Erumamunda is a small village located near Nilambur in Malappuram district of Kerala, India. It is situated in chungathara grama panchayath. Erumamunda includes 1st and 20th ward of Chungathara panchayath. currently the ward members are Mr. Libin Baby and Ms. Sainaba teacher respectively for 1st and 20th ward. It is situated river side of Chaliyar River and western ghats. 70% of the local people are directly or indirectly working with rubber products and rest of them are working abroad, Govt job and doing other professions. The main source of income of the people is from rubber or latex related industries. There is a Higher Secondary School called Nirmala Higher Secondary School. The school has contributed immensely for the educational development of erumamunda and near by villages. Erumamunda is one of the highly developed village in chungathara panchayath and Nilambur municipality.

Kurumbalangode Village office situated here. A homeo dispensary is working here. There is Telephone Exchange. It is very close to Adyan Para waterfalls a famous picnic spot in this area.

Culture
Erumamunda has almost equal number of Muslim, Hindu and Christians. So the culture of the locality is based upon above religious traditions. Thiruvathira,  Duff Muttu, Kolkali, Margamkali and Aravanamuttu are common folk arts of this locality.

Transportation
Erumamunda village connects to other parts of Malappuram.

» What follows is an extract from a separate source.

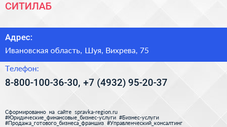 СИТИЛАБ по адресу Ивановская область, Шуя, Вихрева, 75 в дальнейшем Организация, размещена в следующих категориях:

Main roads are Adiyanpara - Kaippini - Chungathara Road (AC Road), Akampadam - Pathar Road, Vellimuttam - Kurumbalangode Road, Pulikakkadu Road, Chempankolly - Matha Road. Kallayipara Road etc.

Nearest Railway station is Nilambur Road Railway station operating trains between Nilambur and Thiruvanthapuram, Palakkad, Shoranur, Kottayam, Cochin, Thrissur etc.

Nearest airport is Calicut International Airport, Malappuram is 50Km away.

Nearest state highway is Gudallur - Nilambur - Kozhikode Road is 9 Km away.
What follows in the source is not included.